Андрей, средний сын Андрея, притаился на печи, слушая этот страшный разговор. Как только вышел жандарм, он спрыгнул с печи и бросился с кулачонками на брата, кричал:

— Изменщик, двоедушник! Маму обидел, теперича тятьку хочешь, чтобы убили жандармы.

— Цыц, щанок! — дал подзатыльник Васька. Андрей убежал к Боровым, здесь был малый совет. Харченко ходил по натертому песком полу, кусал усы, гадал:

— Предаст или не предаст Васька?..

— Васька все рассказал жандарму, он поведет казаков на тятьку, они убьют его, — разом выпалил Андрейка и заплакал.

— Аниска, дуй не стой, догоняй Андрея, пусть уходят в другое место. Пропал не то мужик, — приказал Харченко — Мужики, вы тоже садитесь на коней, в случае чего дадим бой. Мне уже терять нечего.

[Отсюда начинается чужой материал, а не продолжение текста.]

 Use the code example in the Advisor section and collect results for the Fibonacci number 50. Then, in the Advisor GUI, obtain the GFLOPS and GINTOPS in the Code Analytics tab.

— Не ввязывайтесь вы в это дело, Капитоныч. Мы мужики, мы и будем защищать своего. Порка для нас привышна. Не ходите с нами. Пропадете, — ровно говорил Иван Воров, натягивая сермяжный пиджак, набивая сумку порохом и пулями — Аниска, ты нас поведешь. А вам, Капитоныч, сидеть дома. Ждать вестей.

Но промешкали мужики. Отряд казаков уже ходко погонял коней по тропе. Впереди Василий, тоже на казачьем коне…

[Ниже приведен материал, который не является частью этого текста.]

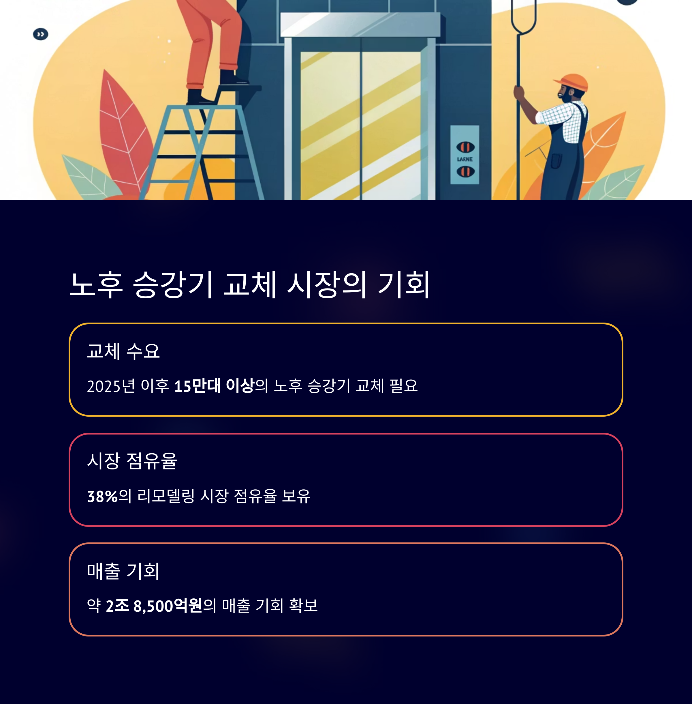 2025년 이후 국내에는 15만대 이상의 노후 승강기 교체 수요가 존재하며 현대엘리베이터는 38%의 리모델링 시장 점유율로 약 2조 8,500억원의 매출 기회를 확보하고 있습니다. 기술·안전 기준 강화를 통해 정밀검사 및 안전설비 교체 수요가 지속 확대될 것으로 예상됩니다.

Друзья решили дать дневку. Что-то приболела Софка. Бережнов тоже остался с другом на дневку. Куда им спешить? Они тоже идут к морю, а со знающими людьми и тропа короче.

У коряного шалаша сидел Алексей. Он резал деревянную фигурку острым ножом, хотел по памяти вырезать лицо Ивана Русского. Но не получалось. Иван выходил каким-то суровым, с каменной улыбкой на губах. Не такой был Иван. У Ивана была улыбка мягкая, добрая, спокойная. Вдруг опустил нож, прислушался. Его чуткое ухо уловило чьи-то шаги, шаги опасные, шаги крадущиеся, много шагов. Тронул за плечо спящего Андрея, проговорил:

— Андрий, проснись, плохи идут сюда люди. Много людей.

Андрей вскочил, проснулась Софка, поднялся Бережнов с Исаком Лагутиным.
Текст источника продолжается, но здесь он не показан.